_Problem to work on_: Only the lines below from the one containing "В левой боковине" through the last line should be set down, exactly as written and with no pictures.

_Supplied information_:
.....

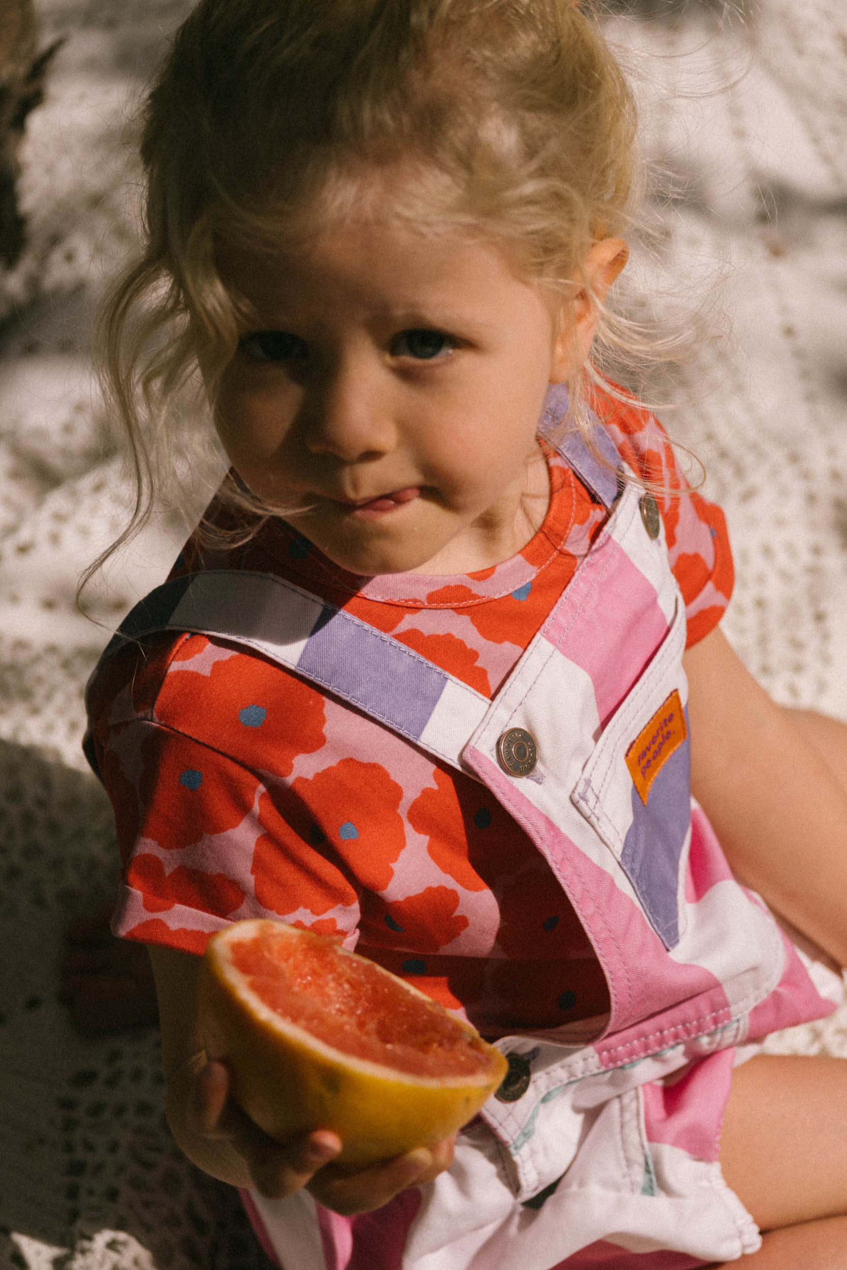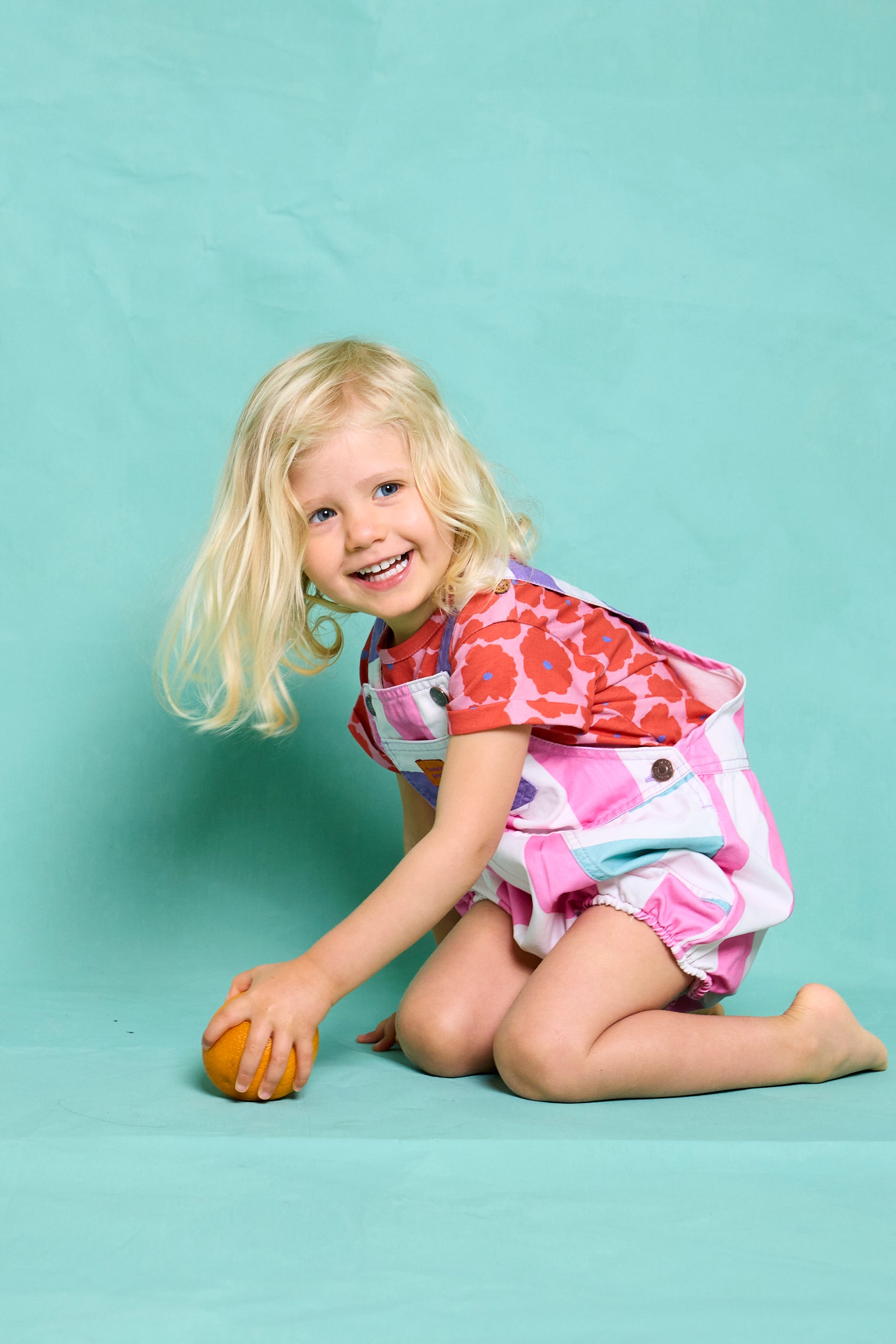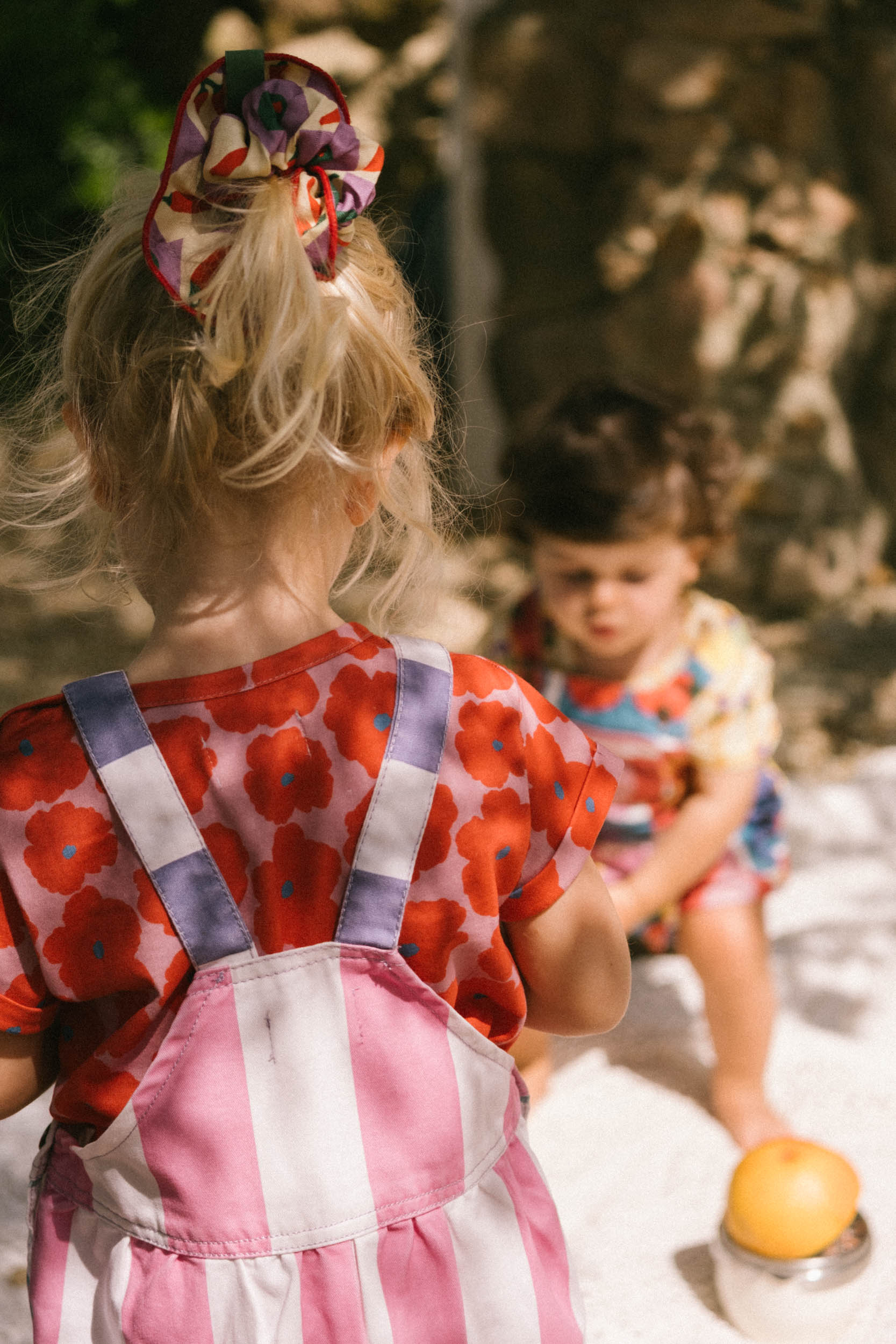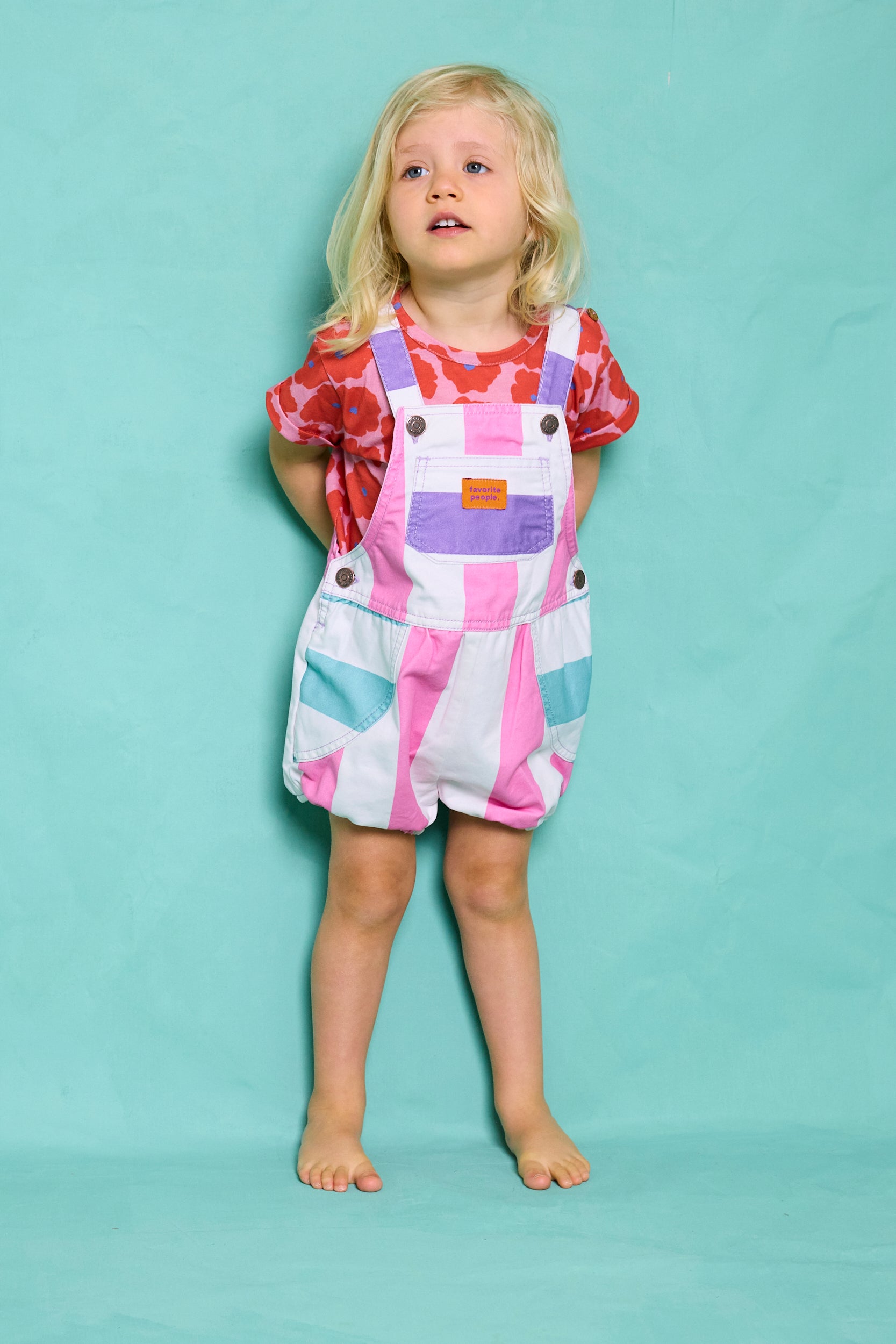Adorable and comfy, this romper with pink, purple, blue and white stripes is designed for your little one’s everyday adventures. It features adjustable straps with button fastening, a logo front pocket, elasticated leg openings, and snap buttons for easy diaper changes. Made in Portugal from 100% cotton.
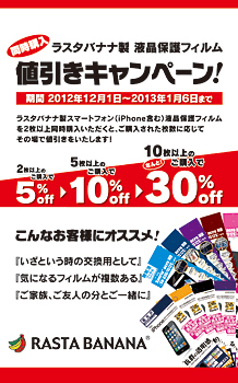 全国のビックカメラ・ソフマップの店舗で、「ラスタバナナ」のスマートフォン用液晶保護フィルムを2~4枚を同時購入すると5%、5~9枚を同時購入すると10%、10枚以上同時購入すると30%を割引きするキャンペーン。
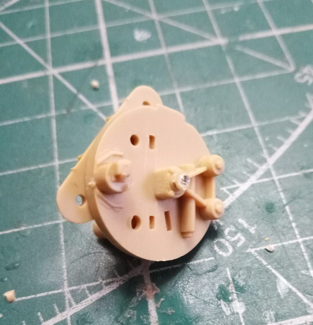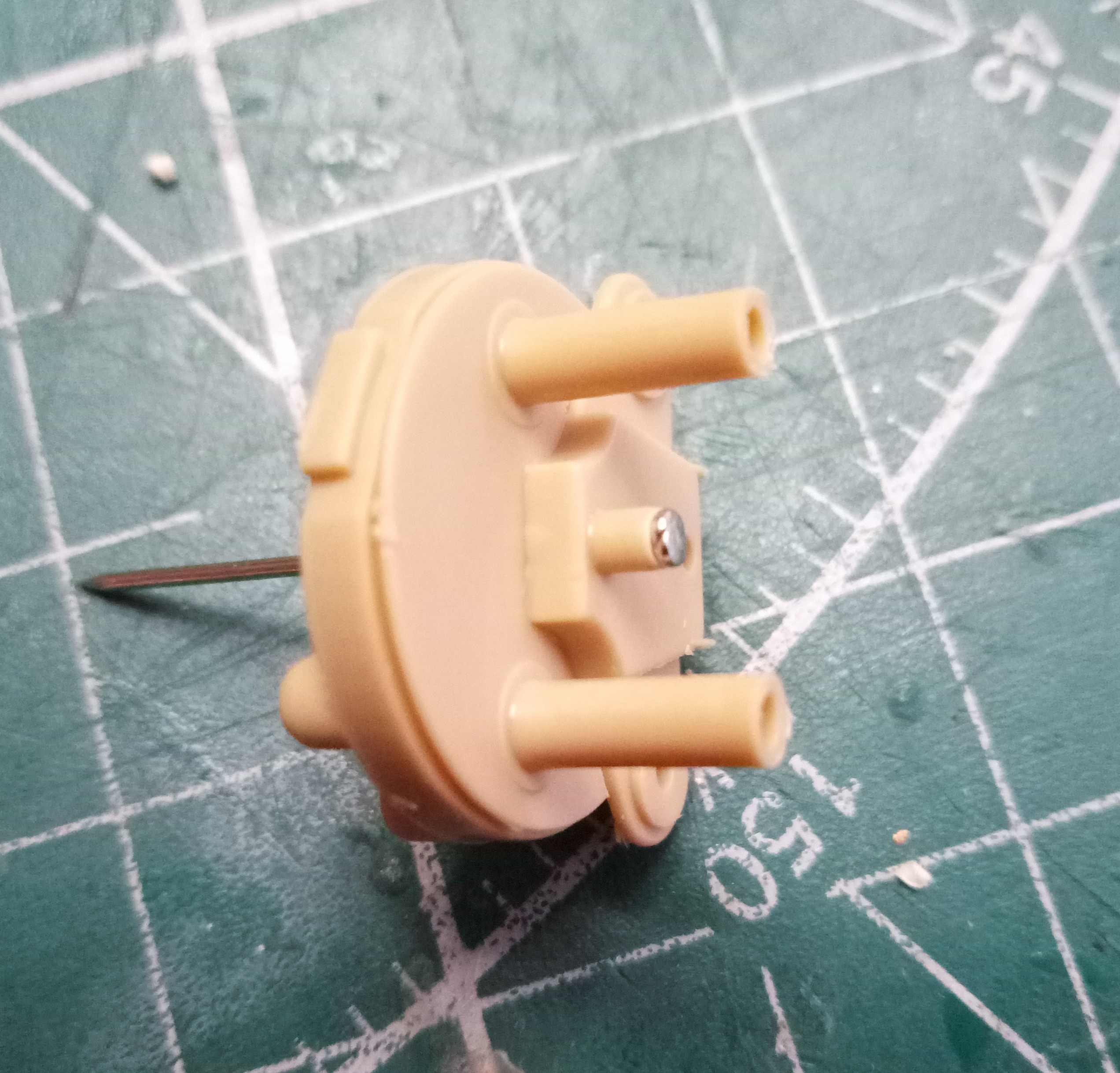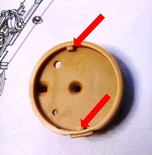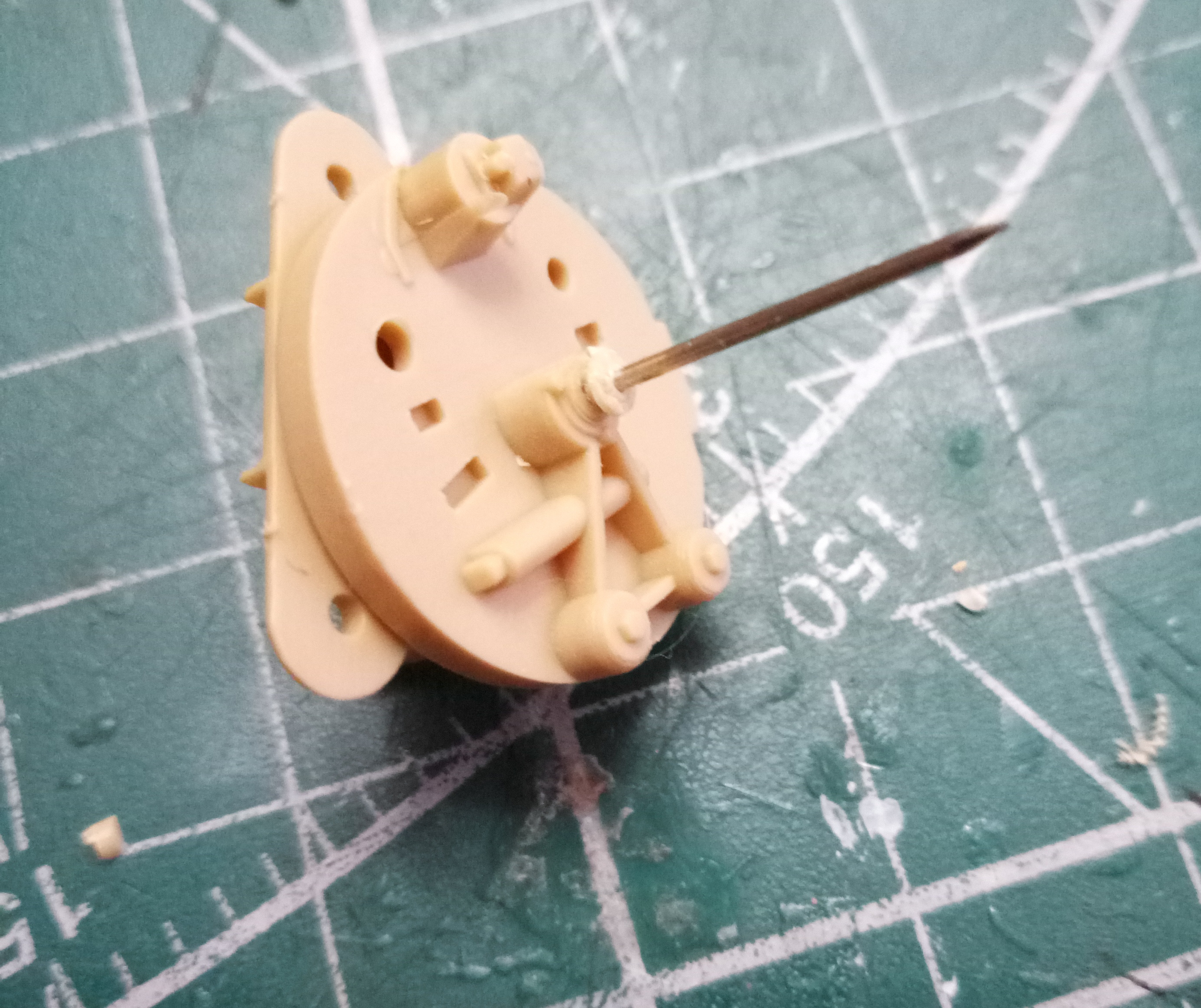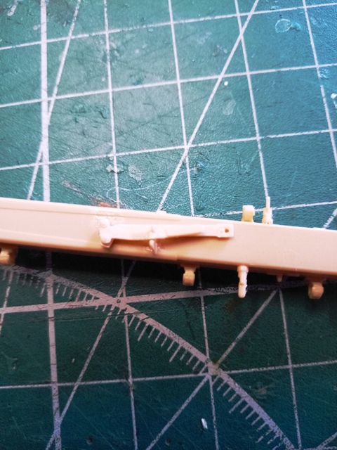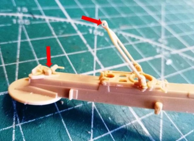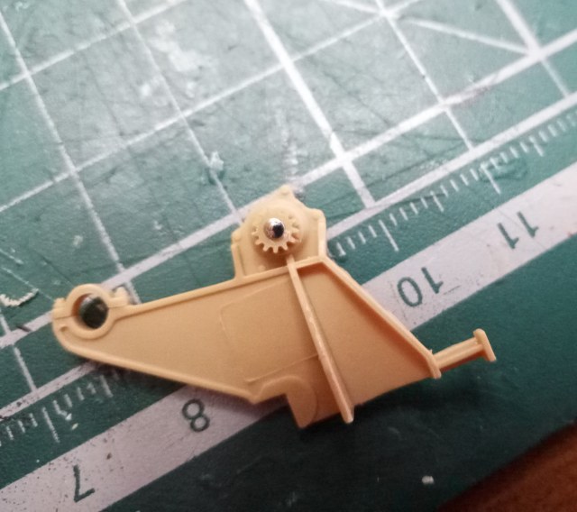 В левой боковине В31 срезал ось шестерни подъемного механизма, с другой стороны в патрубок вклеил кусочек литника; просверлил отверстие 0.7 мм.
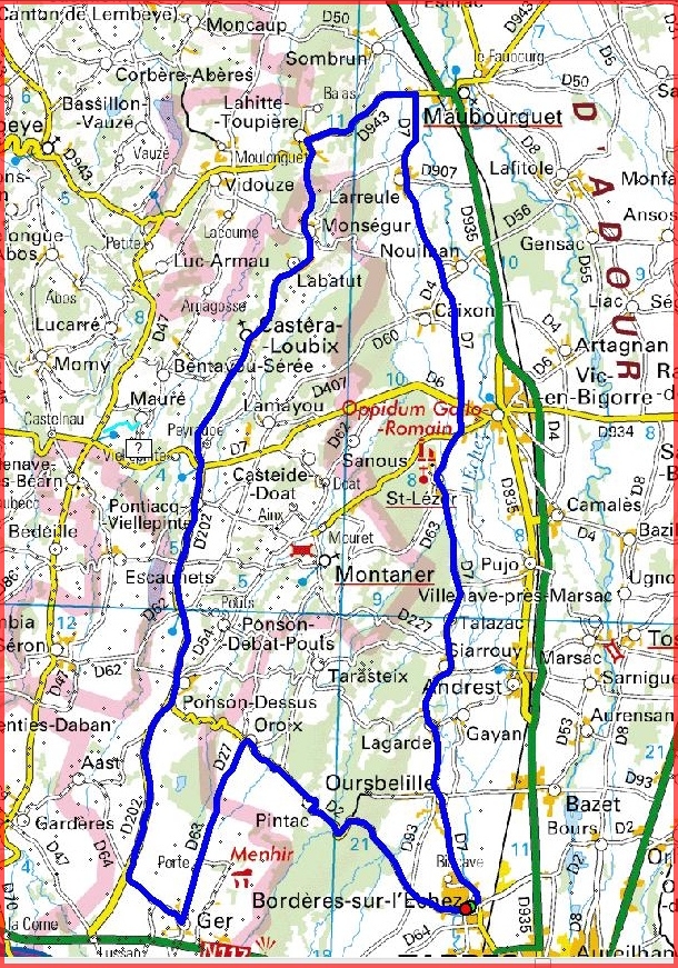 | Bordères,Bois du Commandeur, Pintac, Oroix, Ger, TaD Croisement D63-D64, TaD croisement D64-D202, Ponson-Dessus, Pontiacq-Viellepinte,Castéra-Loubix,Labatut,Lahitte-Toupière, Maubourguet, TaD croisement D943-D7, Larreule, Nouilhan, St Lézer, Talazac, Siarrouy, Lagarde, Oursbelille, Bordères. |

.....

_Answer box_:
 В левой боковине В31 срезал ось шестерни подъемного механизма, с другой стороны в патрубок вклеил кусочек литника; просверлил отверстие 0.7 мм.
 | Bordères,Bois du Commandeur, Pintac, Oroix, Ger, TaD Croisement D63-D64, TaD croisement D64-D202, Ponson-Dessus, Pontiacq-Viellepinte,Castéra-Loubix,Labatut,Lahitte-Toupière, Maubourguet, TaD croisement D943-D7, Larreule, Nouilhan, St Lézer, Talazac, Siarrouy, Lagarde, Oursbelille, Bordères. |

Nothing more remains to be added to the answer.